There's also EPUB CFI's of course...and likely many more we've missed... >_>

As this exploration goes along, if anyone wants to write these findings up on the wiki, that'd be super amazing:
https://www.w3.org/community/openannotation/wiki/Main_Page

Cheers!
Benjamin


--

http://bigbluehat.com/

http://linkedin.com/in/benjaminyoung

________________________________
From: Christopher Blackwell <cwblackwell@gmail.com>
Sent: Saturday, October 13, 2018 5:39 PM
To: public-openannotation@w3.org
Cc: Steven Harms
Subject: Re: Web annotations for physical texts

Hi Steven,

Some thoughts on your questions…

CTS URNs are for machine-actionable identification and retrieval of passages of text, so their job really is different from that of a human-readable label. In our projects we use the plain text CEX format ( https://cite-architecture.github.io/citedx/CEX-spec-3.0.1/ ) for capturing data and loading it into services, and it is at that level that we can attach human-readable labels to works and editions.

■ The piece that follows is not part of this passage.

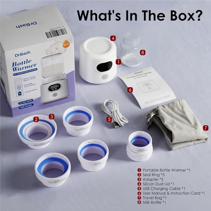 DrBash Portable Bottle Warmer for Travel, Leak-Proof Travel Baby Bottle Warmer with Fast Heating for Breastmilk, Safety Material Baby Bottle Warmer for Dr. Brown, Medela, Tommee Tippee, ComoTomo,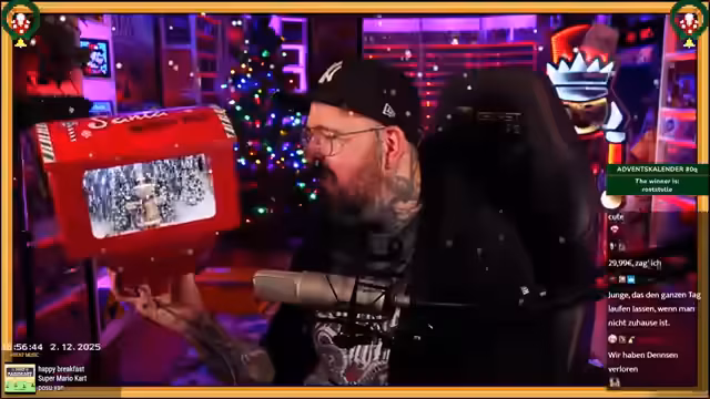 00:59:56Der Stream führt einen täglichen Adventskalender ein, der als interaktives Element für die Zuschauer dient. An diesem Tag wird Türchen 2 geöffnet, was den Start eines Giveaways markiert. Der Streamer präsentiert die zu verlosenden Preise, darunter eine spezielle Edition von The Legend of Zelda: A Link to the Past Randomizer. Nach einer lebhaften Interaktion im Chat, bei der Spoiler ausgeplaudert werden, wird der Gewinner gezogen und erhält die Titel als persönliche Glückwünsche.

Here’s a link that will (after a short delay, the server seems a little slow today) deliver a passage of text, with a label attached (and linked commentaries and some other stuff):

http://www.homermultitext.org/hmt-digital/index.html?urn=urn:cts:greekLit:tlg0012.tlg001.msA:1.1-1.5

As for citing a page of a book… CTS really is about _texts_ rather than _books_. A CTS-URN captures the semantics of a “text” defined as “an ordered hierarchy of citation objects”.

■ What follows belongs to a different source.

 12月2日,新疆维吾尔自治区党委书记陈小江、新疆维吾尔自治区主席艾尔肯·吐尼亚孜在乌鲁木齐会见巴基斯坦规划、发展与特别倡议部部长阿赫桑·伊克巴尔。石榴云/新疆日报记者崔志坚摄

For our texts, at least, pages in a physical edition constitute a structure orthogonal to the citation-hieararchy of a work.

So I don’t think there is a low-friction way to bend CTS away from canonically citable (= citations independent of any particular expression of a text) texts to texts citable only by pages in a particular printed edition.

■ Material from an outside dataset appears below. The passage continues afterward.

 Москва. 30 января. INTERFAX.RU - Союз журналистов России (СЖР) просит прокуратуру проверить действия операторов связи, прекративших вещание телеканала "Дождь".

We associate CTS texts with “pages”, but it involves quite a bit of integration. This might be way more than you want to get into, but to give an example…

http://www.homermultitext.org/hmt-digital/index.html?urn=urn:cite2:hmt:msA.v1:12r

The above is a URL that will display an object in an ordered collection of manuscript folios; "urn:cite2:hmt:msA.v1:12r” identifies folio 12-recto of a physical manuscript.

And this is a record that identifies a graph of (a) a passage of text (CtsUrn), (b) a physical folio (Cite2Urn), and (c) a digital image mapping the passage on the folio:

http://www.homermultitext.org/hmt-digital/index.html?urn=urn:cite2:hmt:va_dse.v1:il10

Cheers,
Chris B.


--
Christopher W. Blackwell
The Louis G. Forgione University Professor
Department of Classics
Furman University

On Oct 13, 2018, at 4:14 AM, Steven Harms <sgharms@stevengharms.com> wrote:

Given two endorsements for CTS in short order, I read the description and it seemed intuitive and to cover the required specificity easily. As such:

urn:cts:CTSNAMESPACE:WORK:PASSAGE@SUBREFERENCE

Would become

urn:cts:isbn:###:<PASSAGE>

Pros:

1. Intuitive!

Cons:

1. With ISBN we lose the human friendliness of say, “JK Rowling wrote HP&Philospher’s stone.” This can be remedied, of course, by a higher container holding human-friendly data, but it seems like an obvious nit to address. MLA and other citation schemes preserve this visibly in the citation.

Question:

1. How to handle <PASSAGE> in a book?

Pasting the full text seems onerous. To annotate passage p, I don’t want to have to type in passage p *and* my annotation. This would also set one afoul of copyright holders.

Further, range offsets, while completely reasonable are not given generally outside of epic poetry or other classics.

Certainly many e-readers make this calculation possible and that will surely be the correct scheme for annotations from that medium. However, my focus remains real books ;)

The most common scheme for a popular book would be the page. The docs state, failing an offset:

> A reference to an individual passage is formatted as dot-separated components representing one or more levels of the citation hierarchy defined in a CTS TextInventory for that work.

Now for most popular works, there is no CTS TextInventory — to the best of my knowledge.

So: is there a low-friction way to refer to a page?

Thanks for the suggestions to now,

Steven


(Typos and blunders my own as i’m On vacation without access to a keyboard ;))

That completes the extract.